Algún día espero volver. Porque allá me sentí a gusto, allá podría vivir toda mi vida y aunque ya llevo una parte vivida en otros lugares podría darle el resto que no es poca cosa, creo.
Lo otro es seguir viajando. Antes de volver a la Ciudad de México, pasé una semana en Lima reconociendo a la familia de mi padre. Ese volver a las raíces, a la otra parte de mi identidad personal familiar, fue curioso, extraño. Sé ahora cuáles son las razones para no volver de mi padre. Esas razones son mías también, pero también comparto las razones para volver. Que no es algo que sé de cierto, pero lo presiento y eso vale hasta que me demuestren lo contrario.
Pero bueno, hubiera continuado con este escrito, pero ahora me he puesto a buscar el siguiente destino, la forma de irme de nuevo y fragmentarme más todavía. Estar en más lugares y más lejos.

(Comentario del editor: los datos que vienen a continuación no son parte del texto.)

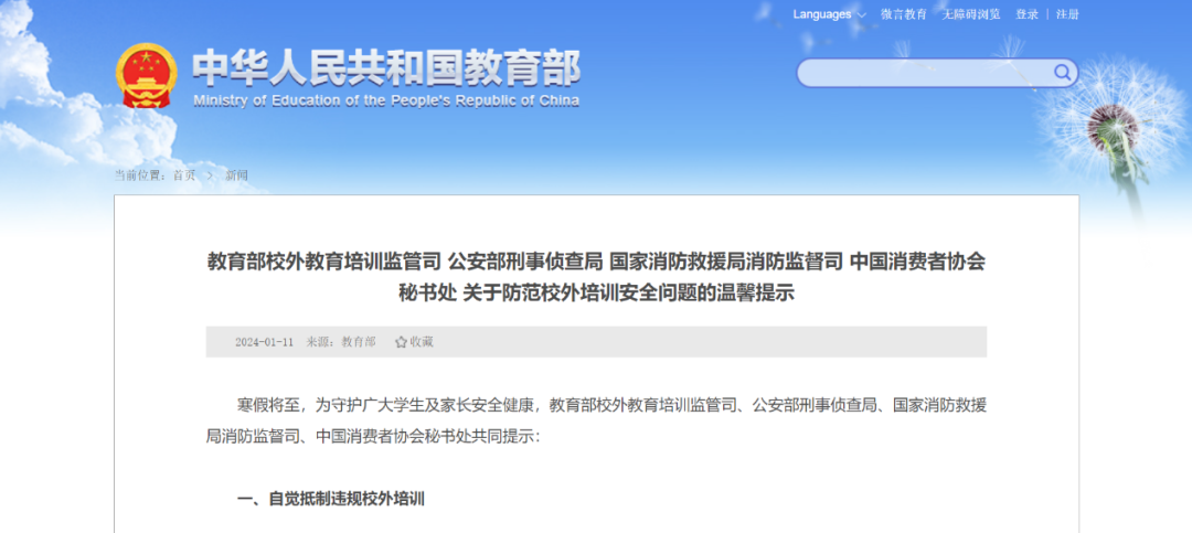 寒假将至,为守护广大学生及家长安全健康,教育部校外教育培训监管司、公安部刑事侦查局、国家消防救援局消防监督司、中国消费者协会秘书处共同提示: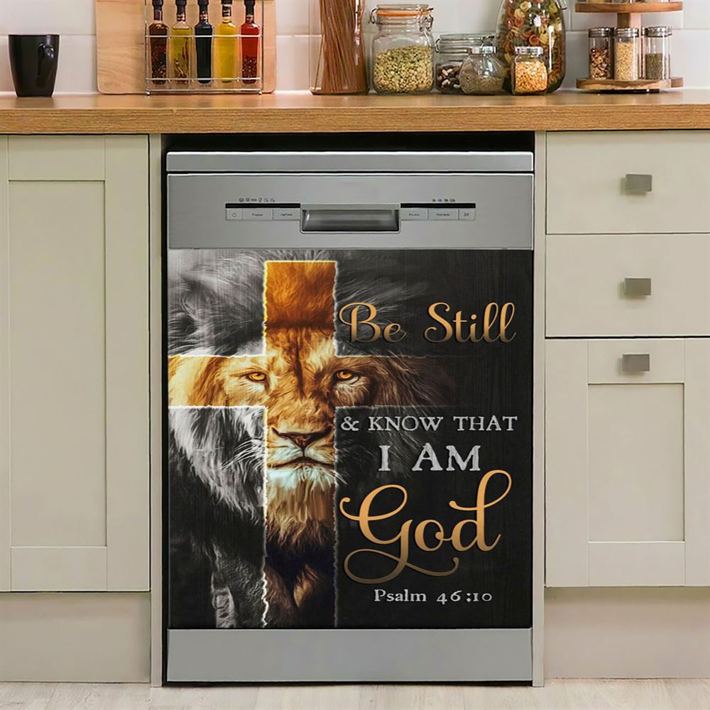 Lion Of Judah Be Still And Know Psalm 4610 Christian Dishwasher Cover, Bible Verse Dishwasher Wrap, Scripture Kitchen Decoration

viernes, 2 de julio de 2010

Salvador de Bahia de todos los santos

Viaje corto todavía no realizado. Expectativas... sólo pienso en dejarme llevar. "Vou deixar a rua me levar...". Voy solo. Entonces el ritmo va por mi cuenta y también la interpretación, me tengo que hacer orquesta o ni eso y sólo silbar. Este viaje lo hago en un momento en que todo el mundo se va y al regresar a São Paulo estoy con amigos menos en la ciudad. ¿Será que la ciudad se hará fantasma? Al final todos tienen ganas de estrechar los lazos lo más rápido que se pueda, con ánimo de conseguir algo más, todavía más, de este tiempo. Hoy perdió Brasil y mi deseo de ver al país celebrar los tendré que dejar para el 2014, así que ahora tengo otra misión, volver a Brasil para el mundial, además del cariño.
Para lograrlo necesito de dinero, constante y sin limitaciones temporales. Una maestría lo arregla todo, estudio, me caso, obtengo la nacionalidad y listo. El divorcio y el caos, con impuestos y abogados de por medio, me importa poco si al final puedo conseguir la nacionalidad. Sólo por términos prácticos, así puedo volver sin visa.

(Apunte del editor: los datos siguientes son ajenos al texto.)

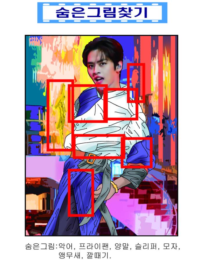 숨은 그림 : 악어, 프라이팬, 양말, 슬리퍼, 모자, 앵무새, 깔때기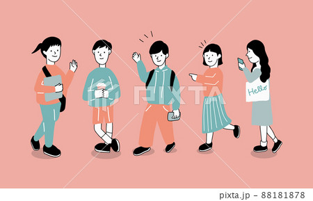 キャンパスや部活、サークル、アルバイトなどの仲間のところへ若者・大学生が集合するイラストのイラスト素材88181878- PIXTA。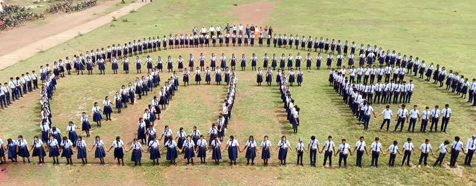 स्कूली बच्चों ने मानव श्रृंखला बनाकर किया जागरूक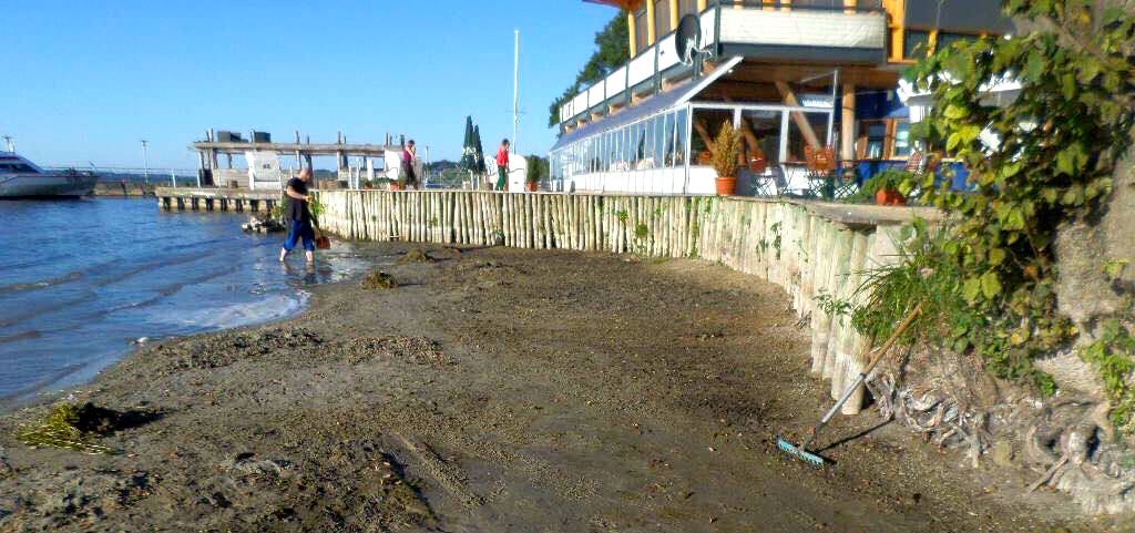 Davon können sich die Strandbesucher derzeit täglich überzeugen. Die Wasserstände sind in den vergangenen Wochen massiv zurückgegangen, viele Wassersportfreunde können ihre Bootsschupen schon nicht mehr nutzen.

En Bahia dicen que hay mucho que hacer, además es una ciudad que me he leído mucho, pero una lectura es sólo una construcción y todavía falta que la vea entera o al menos en sus partes más gostosas. Gente, calles, ruido, sonido. Comida, sin camarón porque soy alérgico. Playa, dicen que son sucias, que vale la pena que salga a otras ciudades, cerca y hermosas. Pero no voy a turistear, voy a viajar, de vez en cuando turistearé y diré boberías, tomaré fotos con autoretratos y felicidades. Souvenirs, al carajo.
Mientras, me toca terminar despedirme de más personas, ni cuenta me doy de algunos, pero hay otras personas que me han dejado con una tristeza ligera. He regalado un par de dibujos, las paredes de mi cuarto también se van quedando vacías.